Thursday, 18 April 2013

Addressing Four Barriers to Effective Cost Reduction

Authored by John Shaw

Deloitte’s latest survey of Fortune 1000 companies highlights a shift in procurement strategy that is becoming increasing popular with our clients: Save to grow. The survey responses represent a major step forward for procurement. They demonstrate that major companies are continuing to focus on cost reduction as top strategy even as they shift back into a period of revenue growth. Furthermore, they see this savings as a catalyst for driving the future growth.

Mickey North Rizza writes about shift often…

What I found particularly interesting in this survey was that despite this increasing focus on costs, 48% of cost reduction initiatives did not meet their goals. Organizations are putting more internal resources into these project but they are not yielding the results that they need.

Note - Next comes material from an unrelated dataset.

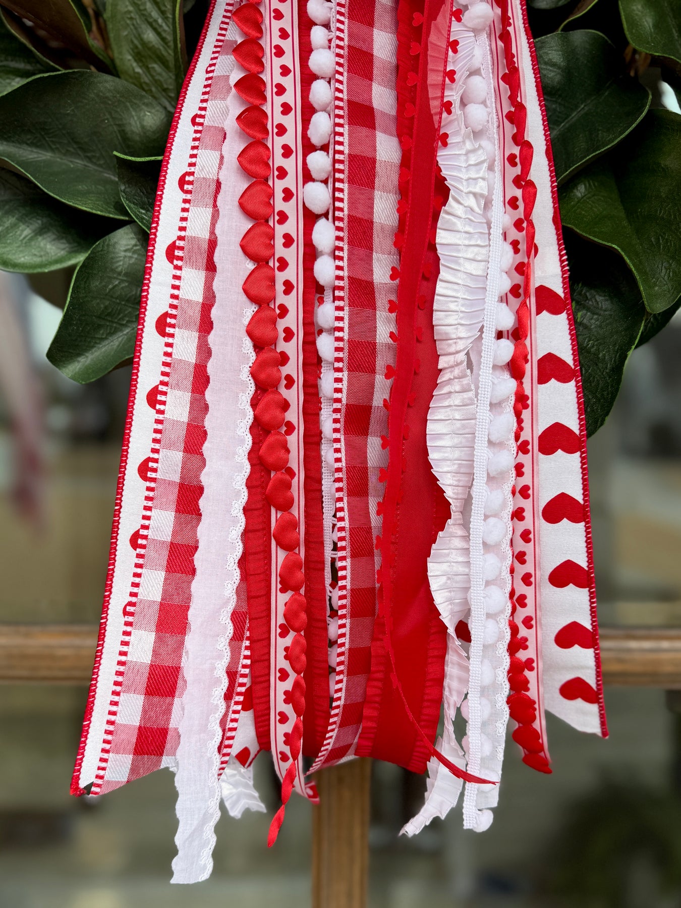 Sweet, romantic, and full of movement, the Forever & Always Long was designed to make a statement. Cascading ribbons in classic Valentine hues feature heart motifs, soft textures, and timeless details that instantly elevate wreaths, hooks, or door décor.

These are the top 4 barriers for cost reduction success and some thoughts on each:

  • A lack of user understanding (74 percent). Communications are obviously an important part of running any successful project, however it is very easy for teams to shift to communicating what needs to be done, versus why it needs to be done. It is the ‘why’ that drives real understanding. Create communications in a mindset of ‘Bottom Line Up Front’ (BLUF) is a great way to help develop that understanding.
  • Erosion of savings (73 percent). Savings initiatives require ongoing reinforcement to stick. Whether it is a new contract or anew sourcing tool, the potential savings offered erode quickly if the contract or tool is not adopted. By measuring the progress of the changes, rewarding success and removing barriers the procurement team can follow through on the potential savings by decreasing the erosion it experiences on its path to realized savings. 
  • A weak business case (62 percent). A poorly conceived project that does not align to company goals is simply not a good project. In my experience though, many projects that are perceived as having a weak business case actually have a powerful one that is not fully understood or communicated beyond the original decision makers. This ties back to BLUF and getting that understanding out to the stakeholders. 
  • Poor design and tracking (58 percent). The report does not go into a lot of detail behind this reason, I take it to imply that programs are not set up correctly and lack tracking and follow-through. Stakeholder engagement in program design can help to improve the ultimate design of an initiative, especially if the stakeholder team can agree upon the KPIs that will be used to track its progress.
Are you facing similar challenges? What is/isn’t working for you?